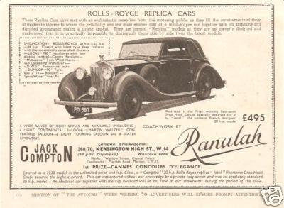 Oldtimer ... Rolls Royce, Twenty, 20 HP, 2 Door Drop Head by Ranalah, Chassis Nr. GYK 86 ... Home |
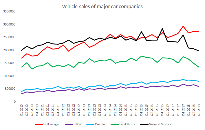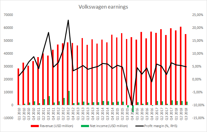 Volkswagen (VOW.DE) was in the center of one of the biggest corporate scandals earlier this decade. So-called “Dieselgate” affair surfaced in 2015 when the US Environmental Protection Agency raised concerns over the amount of toxic fumes emitted by Volkswagen cars. Automobile company initially rejected any accusations but admitted later on that software in its vehicles was programmed to cheat emission tests. News that as much as 11 million cars may be affected by illegal software triggered a wave of lawsuits causing Volkswagen to pay at least €27 billion in case-related costs up to date. However, the amount of money Volkswagen is obliged to pay to settle charges is diminishing each year. Right now it is expected that the company will have to pay additional €2 billion in 2019 and €1 billion in 2020. While no further expenses related to “Dieselgate” are expected it does not mean that things are as plain as they were pre-2015. Volkswagen’s image was severely damaged and looming global slowdown is denting enthusiasm in the automobile industry.
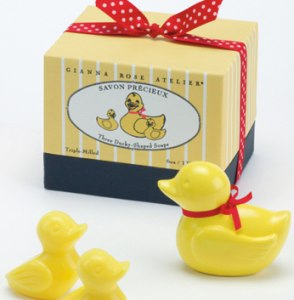 Too precious to describe, this mama and two baby ducky set is triple-milled soap, scented with a water lily fragrance. For the child in all of us . . . quack-quack! .
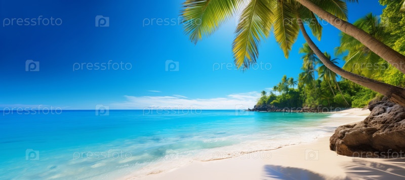 Композиция с нетронутым тропическим пляжем с кристально чистыми лазурными водами и пальмами. Копировать пространство, баннер
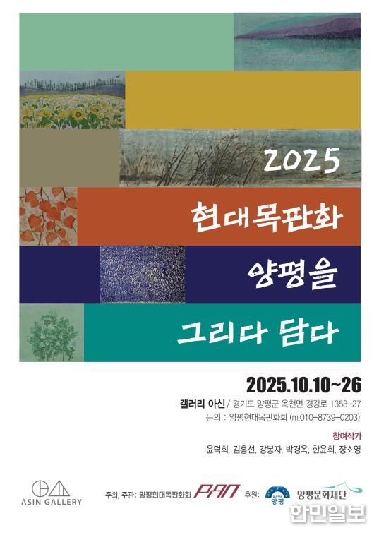 한민일보 서울포커스 차재만 기자 | 양평문화재단은 아신갤러리 10월 전시로 10월 10일부터 26일까지 ‘2025 현대목판화 양평을 그리다 담다 전(展)’을 개최한다.
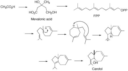 It has been proposed that there is a direct cyclisation of farnesyl pyrophosphate (FPP) to the carotol (carotane backbone). This type of cyclisation is unconventional for the typical chemistry of sesquiterpenes. The only other proposed mechanism requires a complex ten-membered ring with a methyl migration. This latter reaction, regardless of how plausible it may appear to be on paper, is energetically undesired, and through the diligent work of M. Soucek and coworkers, it was shown that the cyclization from FPP to carotol is the most probable biosynthesis route.[4]
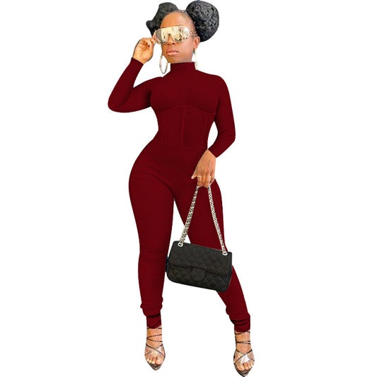 Women's Jumpsuit Fashion Colorblock Off-neck Waist
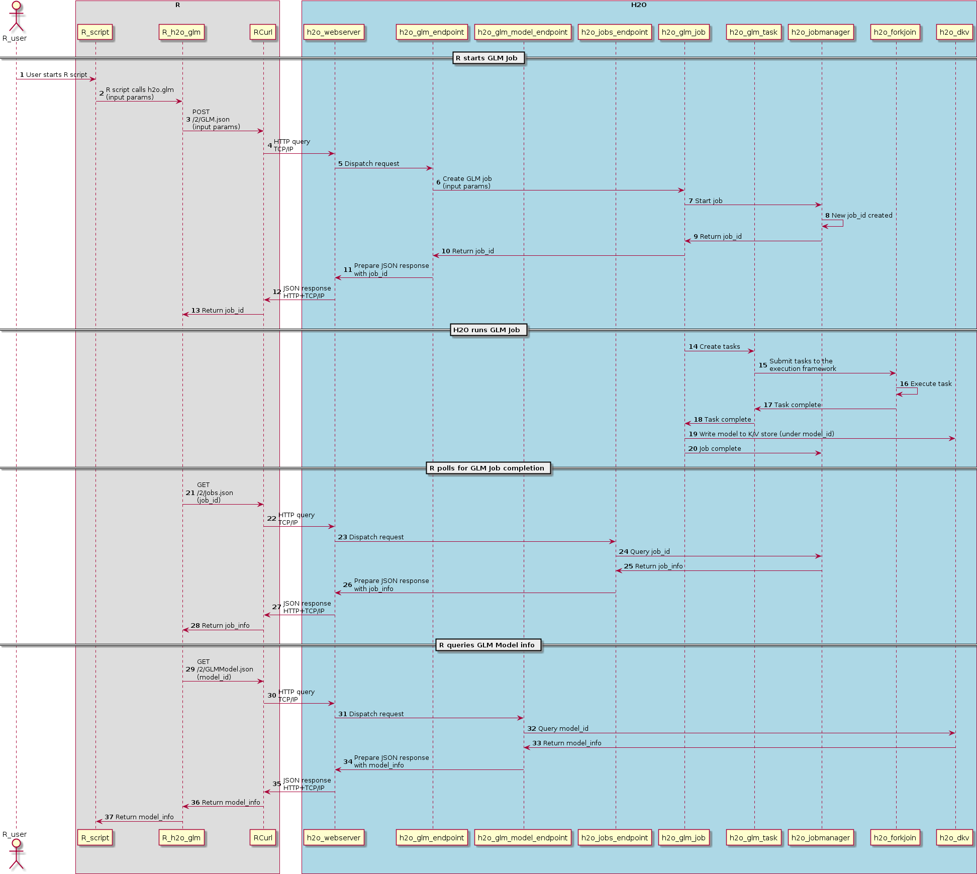 An end-to-end sequence diagram of the same transaction is below (click on the diagram to zoom). This gives a different perspective of the R and H2O interactions for the same GLM request and the resulting model.
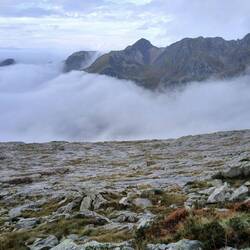 Dieser Teil des Abstiegs kostet mich mehr Zeit als erwartet, da eine steile Felswand mit Sicherungsseilen und teilweise Tritten den Weg prägt. Am Rand des Sees male ich mir aus, wie schön der See bei Sonnenschein sein muss. Der letzte Anstieg mit 500Hm beginnt und ich merke, wie meine Beine schlapp sind. Da hilft es nicht, dass es ich immer wieder in großen Stufen die Felsen hochsteige. Nach über der Hälfte des Anstiegs erreiche ich eine bewirtete Berghütte, in der ich mich in den Vorraum setze und warm einpacke. Meine Beine kommen an ihre Grenzen, was sich auch auf meine Psyche auswirkt. Dennoch möchte ich bis zur nächsten Hütte kommen. Mit kleinen Verschnaufpausen und zitternden Beinen erreiche ich den letzten Pass und blicke auf eine weite Felsplattenlandschaft auf der anderen Seite. Fürs erste sieht es nach einem angenehmen Abstieg aus.
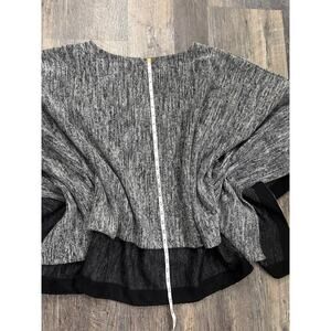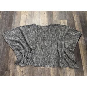 A stylish knit poncho featuring a marled gray pattern with black trim. Perfect for layering. It is a size M/L and is in excellent used condition.
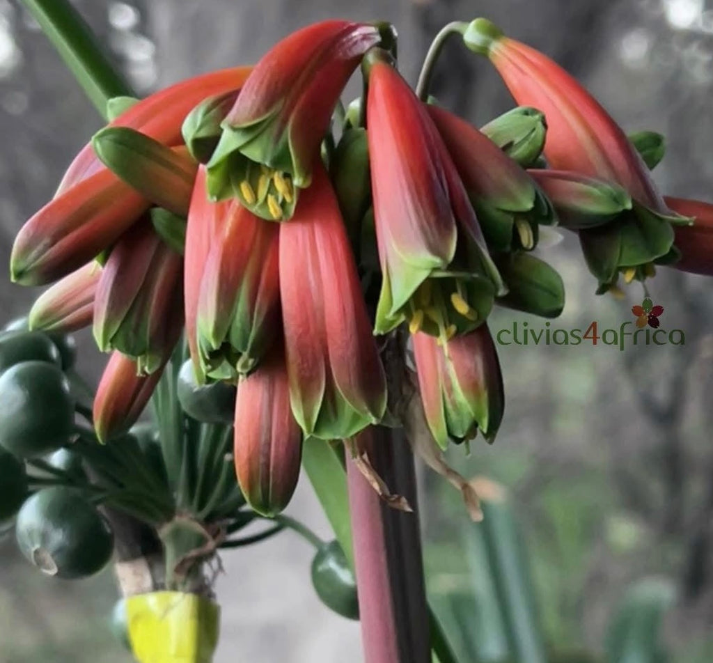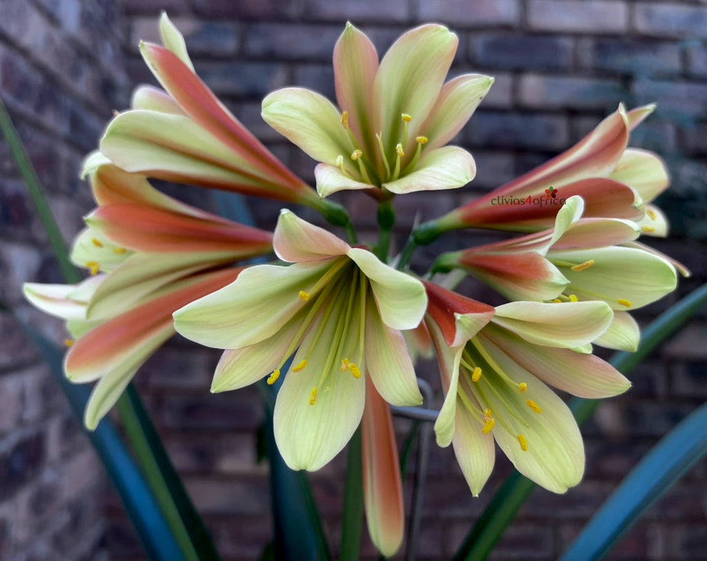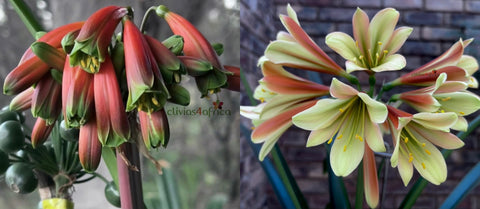 Genesis carries very dark ruby-red flowers highlighted by glowing emerald-green tips, crossed with Stargreen-X, with its dark bronze/brick versi, showing off pale bright insides and a green throat, this pairing may result in a dramatic, richly multicoloured bloom.
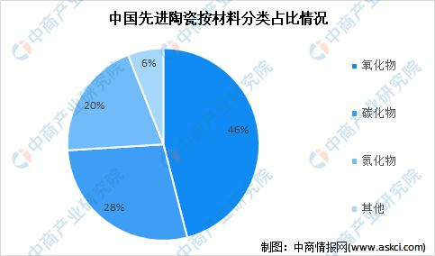 按照材料,先进陶瓷主要分为氧化物、氢化物和碳化物陶瓷等。其中,氧化物陶瓷(尤其是氧化铝陶瓷)研究和产业化应用较早,目前应用领域为广泛,使用规模也大,占比约46%。其次是碳化物陶瓷和氮化物陶瓷,占比是28%和20%。
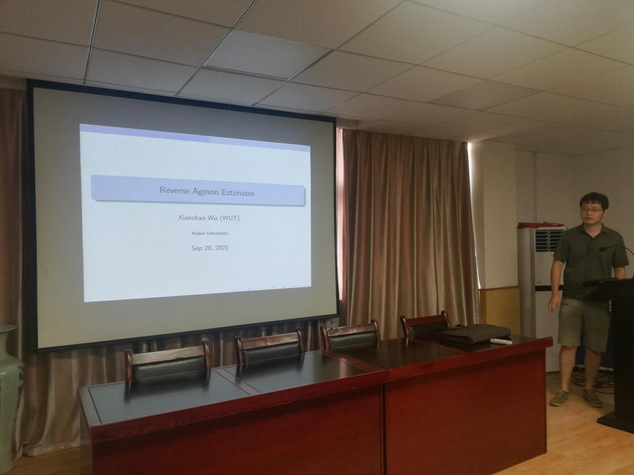 2021年9月28日上午,武汉理工大学吴先超副教授应公司陈立老师邀请,在公司201为几何团队师生作了题为“Reverse Agmon Estimates”的学术报告。
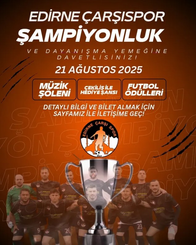 Edirne'de 1'inci Amatör Lig'de A Grubu’nda 2024-2025 sezonunu ikinci sırada tamamlayarak Süper Amatör Lig’e yükselen Edirne Çarşı Spor, bu büyük başarıyı camiayla birlikte kutlamaya hazırlanıyor. Kulüp, 21 Ağustos Perşembe akşamı saat 20.00’de Bizim Bahçe Düğün Salonu’nda “Şampiyonluk, Yardımlaşma ve Dayanışma” temasıyla özel bir gece düzenleyecek.
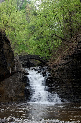 Of the three waterfalls I saw in the Cascadilla Gorge, the third waterfall in was my favorite. The bridge crossing over the river is very picturesque and scenic, and just added to the beauty of the waterfall. The waterfall itself is not that tall, though it is still very enjoyable. If you look on the left side of the picture, you’ll notice the trail that leads up the gorge, and that trail passes directly next to the falls. The trail past this point looked a little less safe, which is likely why the gorge was closed in early May.
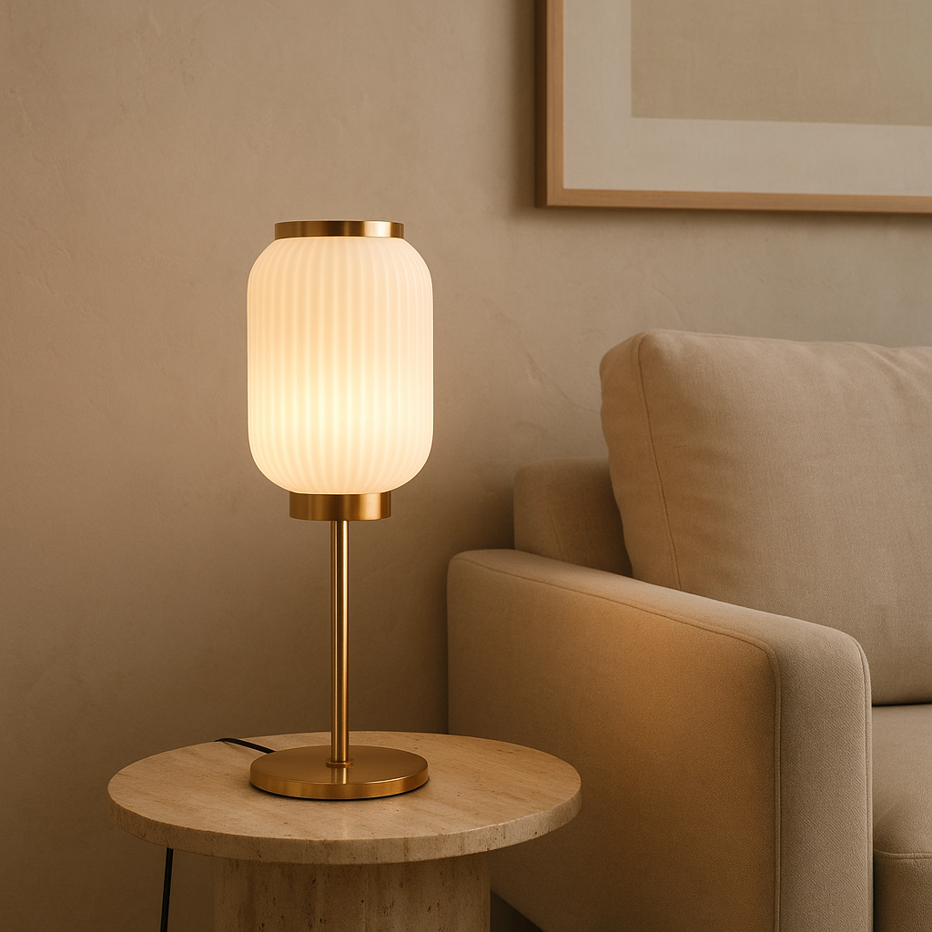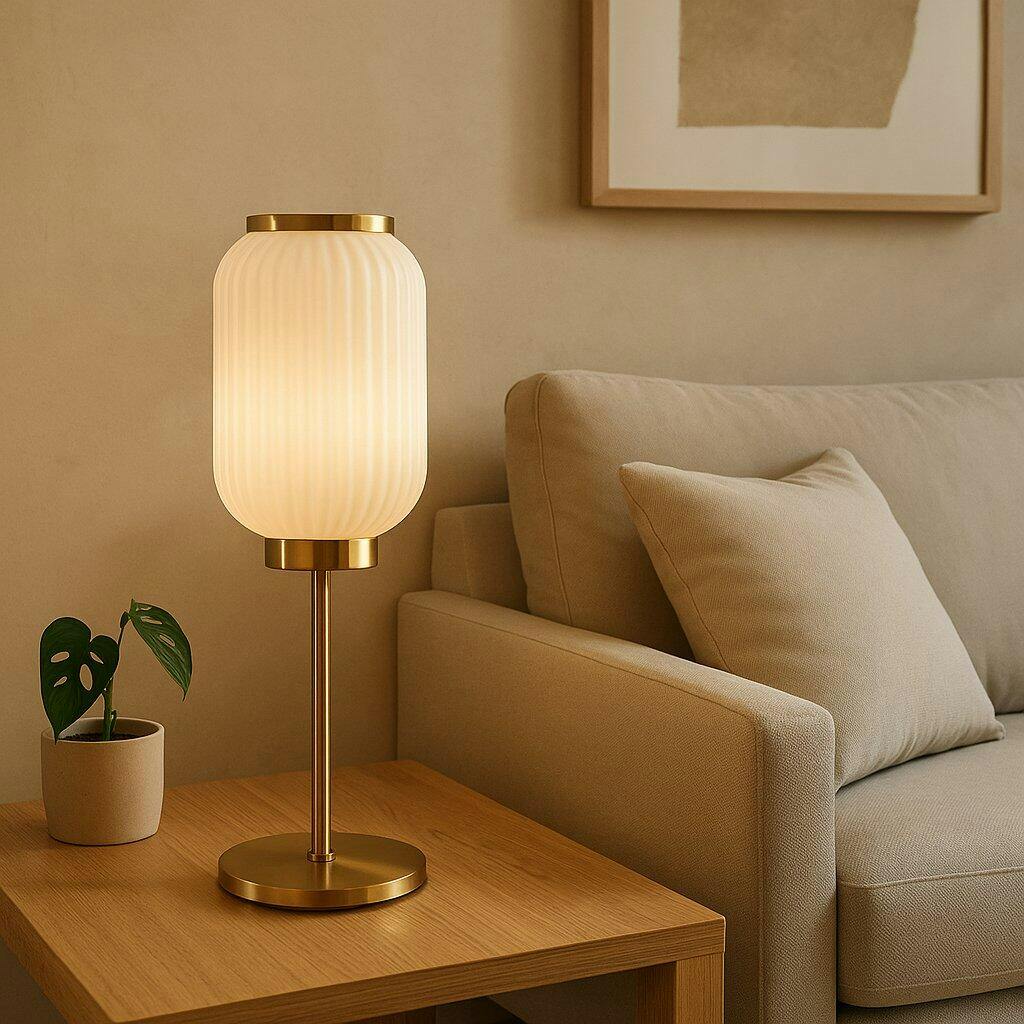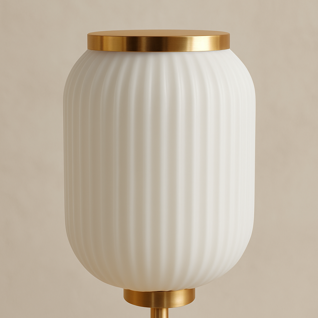 La Lámpara de Mesa Pirce destaca por su pantalla de vidrio opal estriado, que suaviza y difunde la luz de manera uniforme, creando un ambiente cálido y acogedor. Su estructura metálica en acabado bronce pulido aporta un toque de lujo y distinción, convirtiéndola en una pieza decorativa perfecta para salones, dormitorios o espacios de trabajo con estilo.
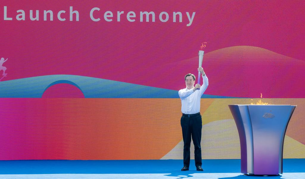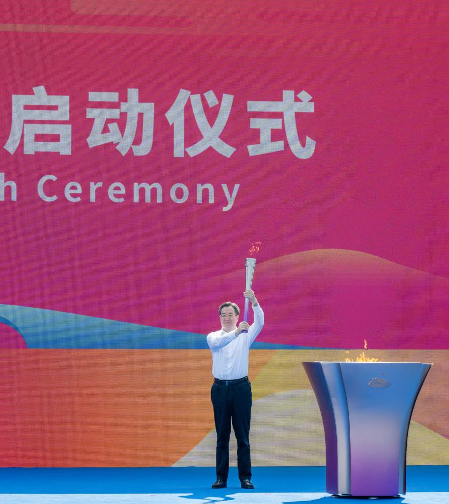 O vice-primeiro-ministro chinês Ding Xuexiang, também membro do Comitê Permanente do Birô Político do Comitê Central do Partido Comunista da China, acendeu a tocha em um caldeirão em uma cerimônia realizada na Praça do Parque Yongjin, onde anunciou o início do revezamento.

▸ Action item
Everything in the records except the pictures should be printed again exactly.

▸ Answer
 Oldtimer ... Rolls Royce, Twenty, 20 HP, 2 Door Drop Head by Ranalah, Chassis Nr. GYK 86 ... Home |
 Volkswagen (VOW.DE) was in the center of one of the biggest corporate scandals earlier this decade. So-called “Dieselgate” affair surfaced in 2015 when the US Environmental Protection Agency raised concerns over the amount of toxic fumes emitted by Volkswagen cars. Automobile company initially rejected any accusations but admitted later on that software in its vehicles was programmed to cheat emission tests. News that as much as 11 million cars may be affected by illegal software triggered a wave of lawsuits causing Volkswagen to pay at least €27 billion in case-related costs up to date. However, the amount of money Volkswagen is obliged to pay to settle charges is diminishing each year. Right now it is expected that the company will have to pay additional €2 billion in 2019 and €1 billion in 2020. While no further expenses related to “Dieselgate” are expected it does not mean that things are as plain as they were pre-2015. Volkswagen’s image was severely damaged and looming global slowdown is denting enthusiasm in the automobile industry.
 Too precious to describe, this mama and two baby ducky set is triple-milled soap, scented with a water lily fragrance. For the child in all of us . . . quack-quack! .
 Композиция с нетронутым тропическим пляжем с кристально чистыми лазурными водами и пальмами. Копировать пространство, баннер
 한민일보 서울포커스 차재만 기자 | 양평문화재단은 아신갤러리 10월 전시로 10월 10일부터 26일까지 ‘2025 현대목판화 양평을 그리다 담다 전(展)’을 개최한다.
 It has been proposed that there is a direct cyclisation of farnesyl pyrophosphate (FPP) to the carotol (carotane backbone). This type of cyclisation is unconventional for the typical chemistry of sesquiterpenes. The only other proposed mechanism requires a complex ten-membered ring with a methyl migration. This latter reaction, regardless of how plausible it may appear to be on paper, is energetically undesired, and through the diligent work of M. Soucek and coworkers, it was shown that the cyclization from FPP to carotol is the most probable biosynthesis route.[4]
 Women's Jumpsuit Fashion Colorblock Off-neck Waist
 An end-to-end sequence diagram of the same transaction is below (click on the diagram to zoom). This gives a different perspective of the R and H2O interactions for the same GLM request and the resulting model.
 Dieser Teil des Abstiegs kostet mich mehr Zeit als erwartet, da eine steile Felswand mit Sicherungsseilen und teilweise Tritten den Weg prägt. Am Rand des Sees male ich mir aus, wie schön der See bei Sonnenschein sein muss. Der letzte Anstieg mit 500Hm beginnt und ich merke, wie meine Beine schlapp sind. Da hilft es nicht, dass es ich immer wieder in großen Stufen die Felsen hochsteige. Nach über der Hälfte des Anstiegs erreiche ich eine bewirtete Berghütte, in der ich mich in den Vorraum setze und warm einpacke. Meine Beine kommen an ihre Grenzen, was sich auch auf meine Psyche auswirkt. Dennoch möchte ich bis zur nächsten Hütte kommen. Mit kleinen Verschnaufpausen und zitternden Beinen erreiche ich den letzten Pass und blicke auf eine weite Felsplattenlandschaft auf der anderen Seite. Fürs erste sieht es nach einem angenehmen Abstieg aus.
 A stylish knit poncho featuring a marled gray pattern with black trim. Perfect for layering. It is a size M/L and is in excellent used condition.
 Genesis carries very dark ruby-red flowers highlighted by glowing emerald-green tips, crossed with Stargreen-X, with its dark bronze/brick versi, showing off pale bright insides and a green throat, this pairing may result in a dramatic, richly multicoloured bloom.
 按照材料,先进陶瓷主要分为氧化物、氢化物和碳化物陶瓷等。其中,氧化物陶瓷(尤其是氧化铝陶瓷)研究和产业化应用较早,目前应用领域为广泛,使用规模也大,占比约46%。其次是碳化物陶瓷和氮化物陶瓷,占比是28%和20%。
 2021年9月28日上午,武汉理工大学吴先超副教授应公司陈立老师邀请,在公司201为几何团队师生作了题为“Reverse Agmon Estimates”的学术报告。
 Edirne'de 1'inci Amatör Lig'de A Grubu’nda 2024-2025 sezonunu ikinci sırada tamamlayarak Süper Amatör Lig’e yükselen Edirne Çarşı Spor, bu büyük başarıyı camiayla birlikte kutlamaya hazırlanıyor. Kulüp, 21 Ağustos Perşembe akşamı saat 20.00’de Bizim Bahçe Düğün Salonu’nda “Şampiyonluk, Yardımlaşma ve Dayanışma” temasıyla özel bir gece düzenleyecek.
 Of the three waterfalls I saw in the Cascadilla Gorge, the third waterfall in was my favorite. The bridge crossing over the river is very picturesque and scenic, and just added to the beauty of the waterfall. The waterfall itself is not that tall, though it is still very enjoyable. If you look on the left side of the picture, you’ll notice the trail that leads up the gorge, and that trail passes directly next to the falls. The trail past this point looked a little less safe, which is likely why the gorge was closed in early May.
 La Lámpara de Mesa Pirce destaca por su pantalla de vidrio opal estriado, que suaviza y difunde la luz de manera uniforme, creando un ambiente cálido y acogedor. Su estructura metálica en acabado bronce pulido aporta un toque de lujo y distinción, convirtiéndola en una pieza decorativa perfecta para salones, dormitorios o espacios de trabajo con estilo.
 O vice-primeiro-ministro chinês Ding Xuexiang, também membro do Comitê Permanente do Birô Político do Comitê Central do Partido Comunista da China, acendeu a tocha em um caldeirão em uma cerimônia realizada na Praça do Parque Yongjin, onde anunciou o início do revezamento.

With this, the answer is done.